The thing about needles, cannulas,  PICC lines, blood draws and injections is that they are a very necessary aspect of my life and an all too regular occurrence. Before I got really sick in 2010 I had undergone a few blood tests and vaccines, an IV etc for surgery but definitely not on a regular basis. I was reasonably healthy. I don't have a phobia but I used to get a little nervous each time that it would hurt really badly or my vein would roll or something would go unplanned but it never did thankfully. It did hurt a few of the times but I wouldn't say I ever had a particularly painful experience or a scarring moment.
 
When I was admitted back in 2010 I was having extremely regular blood draws and tests and daily injections for blood thinning for my immobility and nausea meds. At first it was a bit scary and I was really concerned about both the stinging pain of it and the results that were to come for whatever scary test was being run. After a week or two I adapted. It became less of a concern for me and the blood collectors no longer phased me. I guess like all things that you repeat on a regular basis, it became second nature. 

Fast track forward nearly 5years and I now know most of the 'vampires' by name or at least faces. Sadly these vampires don't come ridiculously good looking, sparkling and mysteriously unable to see the light, instead the ladies that come to collect blood everyday are known in the hospital as vampires. Exciting name and a little obvious right?! luckily they mostly don't mind being called that. It amazes me how easily they can palpate a vein. And I mean the tiniest smallest little buggers that exist in our bodies. It's very impressive. Unfortunately for me we have come to a point where they are struggling to find even a small vein for blood tests. This week we have resulted to using my foot. My foot!!! It surprisingly really hurts and the ankle region is pretty tender. I've had cannulas in my feet in the past during hard times or when I've been super dehydrated but it is not a common occurrence and of course not something I like. Recently we have been using my index finger as the 'go to' place and it has held up ok considering it's such a delicate little area but this week it wouldn't cooperate. 

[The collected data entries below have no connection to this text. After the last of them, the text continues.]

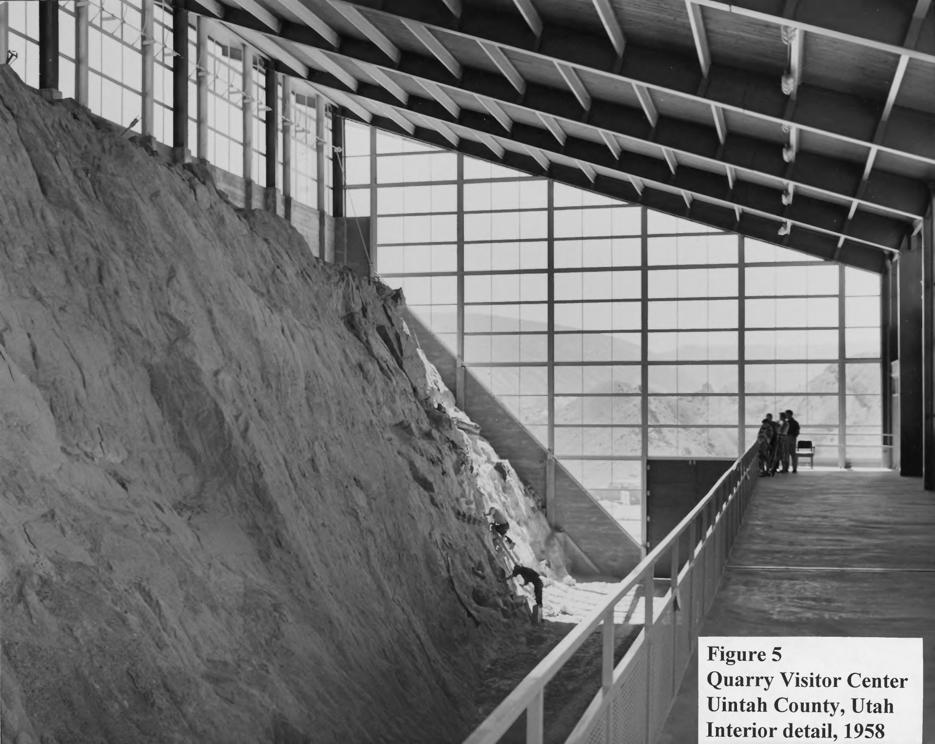
Figure 5 Quarry Visitor Center Uintah County, Utah Interior detail, 1958
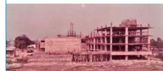
Madhusudan Manch Under Construction at Dhakuria

Merlin Cambridge (B+G+25) Prince Anwar Shah Road, South Kolkata. Actual pic.
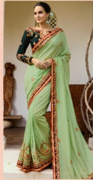
D. NO. : 4117
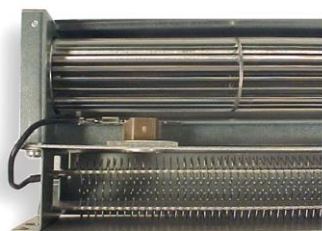
fan unit with heating element
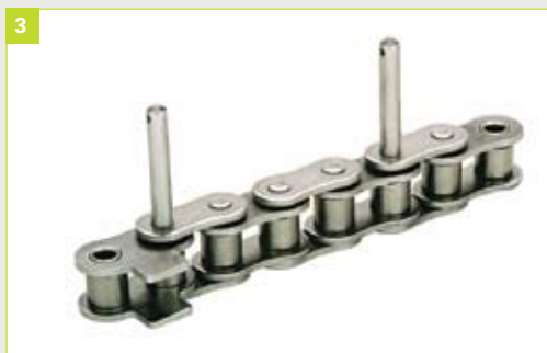
Illustration 4: Accumulation chain
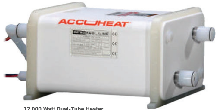
12,000 Watt Dual-Tube Heater

Accuheat® quartz in-line heaters feature ultrapure quartz tubes, wrapped in an Inconel® heater element for uniform conductive heat transfer to the process fluid. Semiconductor-grade quartz fluid path allows for high performance with almost any chemistry. Housings constructed of PTFE offer chemical resistance and low surface temperature. Alumina Silica insulation is tightly packed to minimize heat loss. Additional temperature sensors and leak detection devices ensure safe and efficient heating. All heaters include a well-mounted RTD, 2 J-type thermocouples, and a self-resetting thermostatic snap switch. They do not require cooling or purging that is typically needed for I/R lamp heaters. Imtec's conductivity strip is also included for early detection of internal leaks. The heaters may be mounted either horizontally or vertically.
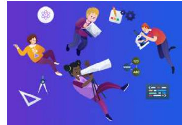
Science and Technology
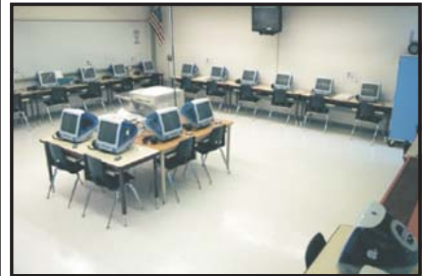
20 new computers, many with writeable CD drives and few with DVD capability.

from core subjects, but treated as an educational tool. We are very excited to add this resource to the existing computer lab in the Media/Library Center and the many computers in the classroom.
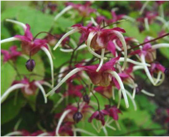
Epimedium 'Flame Thrower'
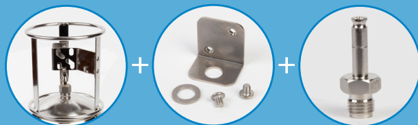
Bracket for Restek cans only.
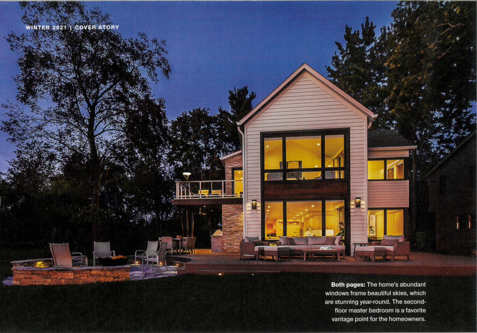
Both pages: The home's abundant windows frame beautiful skies, which are stunning year-round. The second-floor master bedroom is a favorite vantage point for the homeowners.

"When it got smaller, it got better." Others agreed; the firm and the project won a Huron Valley American Institute of Architects design award, with one judge remarking: "Well-organized site use ... feels much larger than it is."
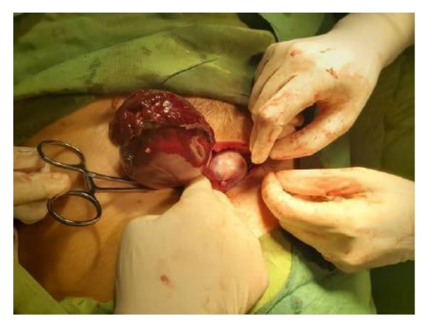
Figure 1. Isolated torsion of the right fallopian tube with hydrosalpinx and intact ovary

Pathologist evaluation revealed the multi-loculated cystic lesion with ciliated flat to cuboidal cell lining accompanied by extensive bleeding in the cyst wall, compatible with benign serous cystadenoma with extensive bleeding. Still, because of finding an intact ovary during surgery, a re-evaluation of the specimen by another pathologist was requested, which revealed that the origin of the resected cyst was a fallopian tube. The postoperative period was uneventful, and the patient was discharged from the hospital two days after surgery.
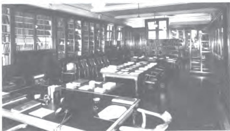
The new library and reading room.

In 1879, the Society was incorporated under the Companies Acts of 1862, 1867 and 1877 as a company limited by guarantee (up to 5/- per member), and named The Philosophical Society of Glasgow. There was a new constitution, though the new articles generally repeated the regulations of the old Society. Honorary and corresponding members (see page 43 and Appendix 2) were continued and a new drive was made to encourage members to compound their annual subscription into a life membership. There was an increase of 100 members in that year, 25 of which were life memberships.
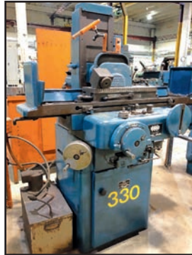
KO LEE S618H SURFACE GRINDER

DOALL 16-3 VERTICAL BANDSAW, s/n 50-58848, 3 HP, 16" Capacity, 1-1/4" x 13'5" Blade, Power Feed Table
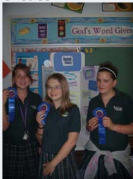
Science Fair Winners
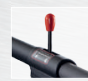
7 RESISTANCE LEVELS Braking system on 7 levels, from free run to a pushing

Lateral support and double frontal handgrip (low/high) that allows different pushing positions.
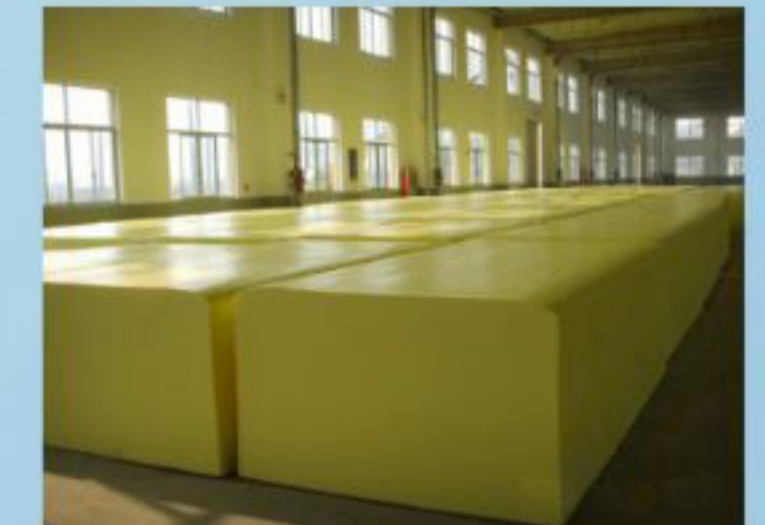
泡绵成品 The Foam
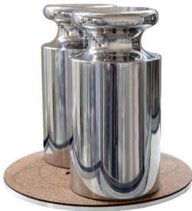
Self-Centering Pan for APP KO Comparator
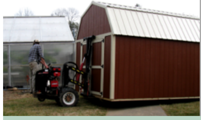
Because there are "rollers" beneath the storage unit, it is easy to pull it across the grass.
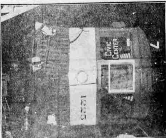
Attacks on street cars were continued in Los Angeles as car men remained on strike. This car was stopped by about 75 men who requested the passengers to get off and then overturned it near the downtown section.
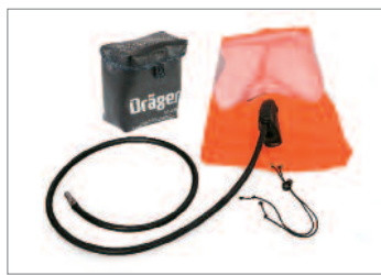
Dräger PSS® Rescue hood
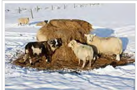
Sheep with silage
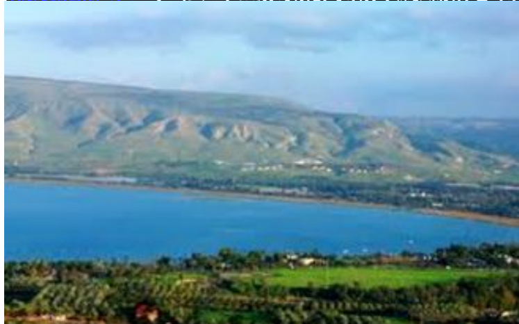
Sea of Galilee
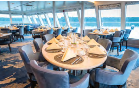
The casual dining room with its expansive windows.

Served in single seatings with unassigned tables for an informal atmosphere. Cuisine is fresh, sustainable, accented with regional flair and served plated.
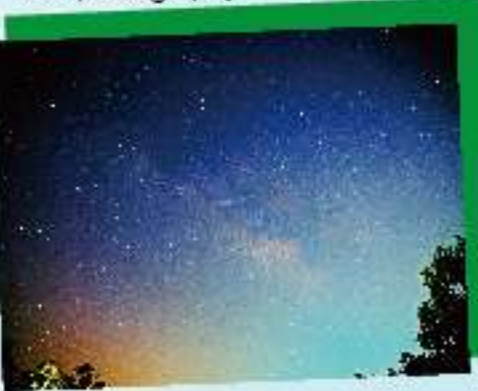
北潭涌的星空 Starry sky at Pak Tam Chung

The Pak Tam Chung Barbecue Site No.2 and the Wan Tsai West Campsite are vast and easily accessible with low level of light pollution, the places are great for shutterbugs making their first try at star photography.
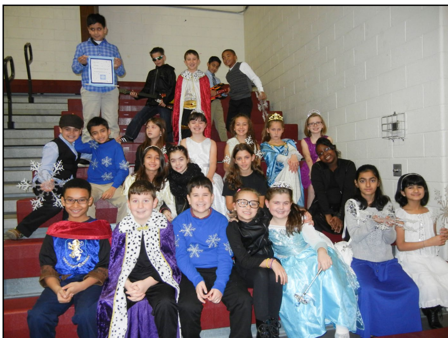
Fourth graders take the parts of the cast in the story.
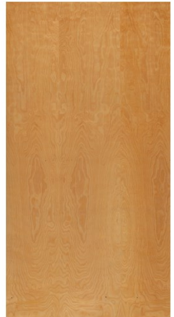
Birch Sap Rotary Spliced A
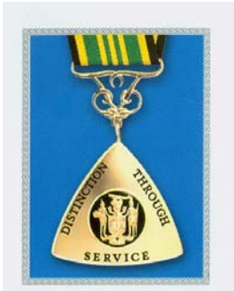
The insignia of the Order of Distinction (Commander Class) - CD

The Order of Distinction may be conferred upon any citizen who has rendered outstanding and important service to Jamaica in any field of endeavour. The Order has two ranks; the higher class - Commander - being the higher of the two. Distinguished citizens of a country other than Jamaica may be conferred with this honour as honorary members. The motto of this Order is ' Distinction Through Service '.

Something a little different has happened this week which I'm amused by. I have had a number of blood tests this week because I have somehow got my electrolytes out of whack and also because I've been on high volume IV Fluids & Hartmans, gosh I'm clever right?! :-/  I've also had another round of IVIG amongst that which requires IV access. Anyway, the vamps usually come on their reaping around 7-7.30am which is far too early if you ask me. Surprisingly, the hospital doesn't run on my time preferences so it is what it is. They walk into my room, flick on my bright overhead light and come up to my ear and say something along the lines of 'darling wake up, time for blood test'. Normally I wake up and try to be semi-conscious and polite to the lady who is waking me up long before I am ready. I pretend like my eyes have vision and they aren't crying and sore, I pretend like I am enjoying to chat about whatever despite not being able to comprehend with my mind in sleep mode, I pretend I'm not dizzy and exhausted. I pretend to be normal and  not phased. 

I feel that these people are awake and technically helping me by taking my blood that I owe it to them to be a decent human, regardless of my distain for mornings. Well this week I have successfully broken my code of conduct towards the vampires. This week I literally slept through them taking my blood. I woke up, said hi and then..blank. I actually fell asleep. I don't know whether to be proud of this little achievement or sad or even scared. I guess it's great that I didn't feel it but disappointing that I've gotten so used to the procedure and sensation I've essentially blocked it out or become desensitized to it or something. It was somewhat surprising when I woke around 8.30 to find my arm taped up with a cotton swab under it, the way they put one on after any blood draw. This happened twice this week which means I'm either really tired or the ladies who stuck me this time were so good I didn't feel their technique. I think I'm just tired. Bugger.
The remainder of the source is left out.